Wednesday 21 August 2019

Adams and Sinn Féin trying to have it both ways on the continuing Troubles legacy

Calls have been made for Gerry Adams to step aside as Sinn Féin leader. Photo: Tom Burke
Calls have been made for Gerry Adams to step aside as Sinn Féin leader. Photo: Tom Burke

Eamon Delaney

Calls for Gerry Adams to step aside as Sinn Féin leader, so that the party can maturely prepare for Government, are wide of the mark. In fact, it is worth having Mr Adams still there as a reminder of the incredible ability of the party's double think. Not just on economics where the party implements Tory policy up North but is somehow a left-wing down South - but also on the thing that produced Sinn Fein in the first place, which is the Troubles and their legacy.

They haven't gone away, you know. Not a bit of it. The effects of the recent period of violence in our country will be with us for many years to come, as will, it seems, Gerry's weasly words when it comes to describing them.

Thus, when Gerry Conlon of the Guildford Four died in 2014, Mr Adams was double-quick to express his great sorrow and remind us of the British government's wrongful jailing of Mr Conlon for 15 years for a bombing he never committed. But Mr Conlon was in jail because the IRA bombed Guildford, just as the Birmingham Six, who were also wrongfully convicted, were in jail because the IRA decided to bomb pubs in Birmingham.

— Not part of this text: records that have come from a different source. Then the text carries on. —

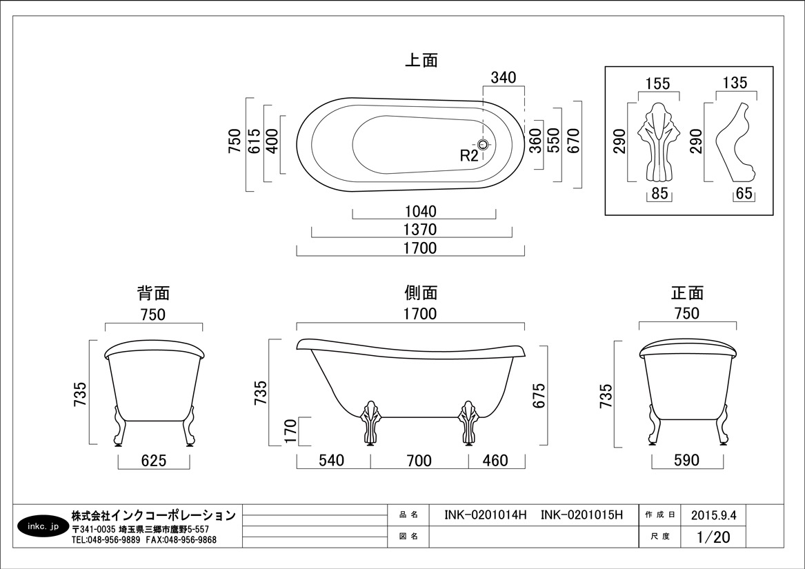 猫足・排水栓の色
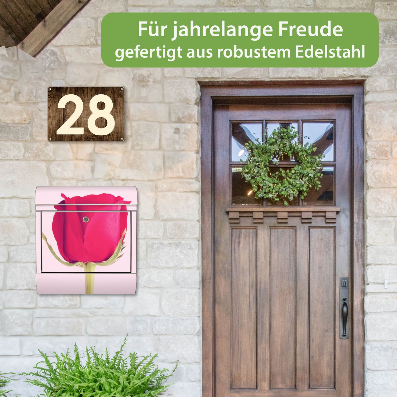 FUNKTION: Der banjado Edelstahl Briefkasten mit Motiv Motiv Einzelne Rose bietet Ihnen mit seinem Fassungsvermögen genügend Platz auch für große A4 Sendungen. Das integrierte Zeitungsfach eignet sich hervorragend um unkompliziert die Tageszeitung zu fassen. Auf Wunsch können Sie bei uns den passenden Ständer kaufen und so aus dem Wandbriefkasten einen Standbriefkasten machen. DESIGN: Der Motivbriefkasten hat ein sehr ansprechendes und ausgefallenes Design, damit entlocken Sie Ihren Nachbarn und dem Postboten ein Lächeln. Heben Sie Sich ab von der tristen grauen Masse ohne auf Funktionalität zu verzichten. DETAILS: Der Design Briefkasten mit Motiv Motiv Einzelne Rose besteht aus hochwertigem 18/0 Edelstahl. Das Motiv besteht aus einer wetter- und UV-resistenten Folie, die mit einem Schutzlaminat überzogen ist. Der Briefkasten wird mit Montagematerial und zwei Schlüsseln geliefert. NUTZEN: Sie können diesen Briefkasten sowohl als Wandbriefkasten montieren oder einen passenden Ständer auswählen und als Standbriefkasten einbetonieren. Die Größe bietet genügend Platz für Sendungen aller Art, das hochwertige Edelstahl ist rostfrei und die Motivfolie absolut wetterfest. SCHUTZ: Um Ihre Post optimal vor Witterungseinflüssen wie Starkregen zu schützen, empfehlen wir, den Briefkasten geschützt anzubringen. BANJADO: Ihr Briefkasten wird in Sachsen in einer kleinen Manufaktur von Hand veredelt. Die Motivfolie ist lösungsmittelfrei und schutzlaminiert, dies sorgt für einen langen Halt. Wir legen großen Wert auf die Verbindung von Funktionalität und Design. Sie erhalten Handarbeit aus Sachsen.
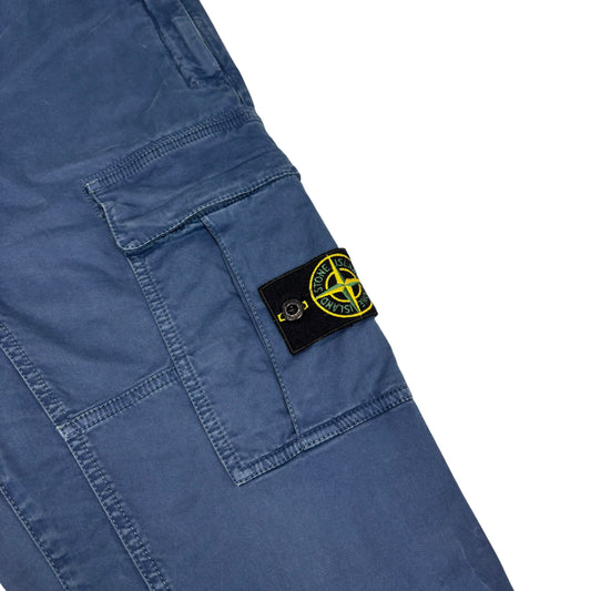 Stone Island Blue Zip-Pockets Brushed Cotton Compass-Patch Cargo Trousers
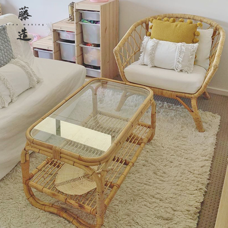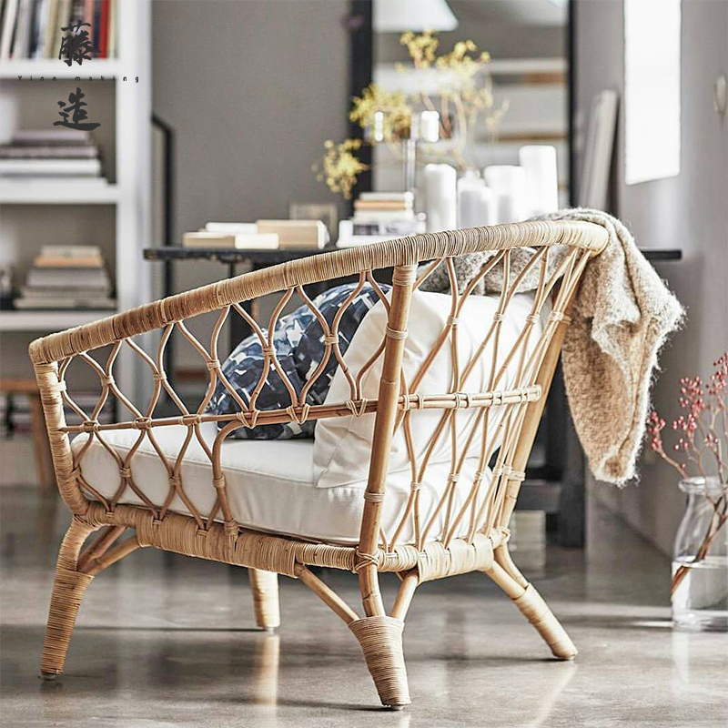 Rattan chasha chair ins real rattan single chair Nordic minimalist cane chair Leisure chair Balcony Net Red read chair

If Mr Adams felt so strongly about the incarceration of these men, he and the IRA could have just named or produced the actual bombers. That would have solved it, surely.

But Mr Adams wants to have it all ways. Yes, what the British government did to Mr Conlon and others was very wrong, but it is nothing short of perverse to have Sinn Féin protesting about it. Would it have preferred that the real IRA bombers were arrested? Hardly.

Or would it have preferred that nobody at all was arrested and convicted for the Guildford bombings, which killed five people in two pubs, and injured scores? Perhaps. But then, with a wrongful conviction, you've got something better - a big human rights stick to beat the British with.

As it happens, in 1977, the 'Balcombe Street gang', an IRA unit which was about to receive huge sentences for other bombings, half-claimed that it was also responsible for the Guildford bombings. Could it be believed? As SF leader, Mr Adams could have confirmed its claim. But on that occasion he was strangely and understandably mute, and the claim wasn't followed up on.

It would be better now if Mr Adams remained mute when such cases are discussed. But, of course, this is not his way. He still insists on speculating about IRA's Disappeared, for example, in a way that further offends the families and blurs the lines of responsibility for who was actually responsible for these people's murder.

Mr Adams acts not only as if he is not part of Sinn Féin and the IRA, but also as if neither of these bodies is actually connected to the consequences of its actions. It is a fiction that reassures some of the SF base but which the wider public completely sees through.

For decades, they saw how the IRA carried out atrocities, and then profited from the reaction, and over-reaction, of the authorities, such as when it resulted in wrongful arrests and convictions. Or in the case of the Guildford bombings, led to the introduction of the Prevention of Terrorism Act. The Republican movement could then seize on the mistakes and abuses of the authorities as more weapons in its propaganda war.

Thus, Sinn Féin has been highly vocal in seeking, as we all do, a full picture on the Dublin and Monaghan bombings of 1974. Except that SF and the IRA are partly responsible for the bombings, as the then Taoiseach Liam Cosgrave said in a brilliant and brave statement on the very day of those bombings.

The IRA led by example, he said, with its relentless bombings, in the North and in Britain. So SF didn't just create the conditions for these atrocities, and for injustices like that done to Mr Conlon, but it then profited from them and made them part of its agenda.

Mr Adams then acts as if he's doing us a great service by offering advice and help on finding the disappeared, as if he was not part of the machine that actually disappeared them.

Granted, there was atrocities done on both sides, but these victims would not have been disappeared, and Mr Conlon would not have been jailed, if the IRA hadn't prosecuted its murderous campaign.

Having been the cause of Mr Conlon getting wrongfully locked up, Sinn Féin might at least have done more to free him, instead coming in now to remind us of how he was mistried. After all, Mr Conlon did the time for the IRA's crime, and that's the real injustice.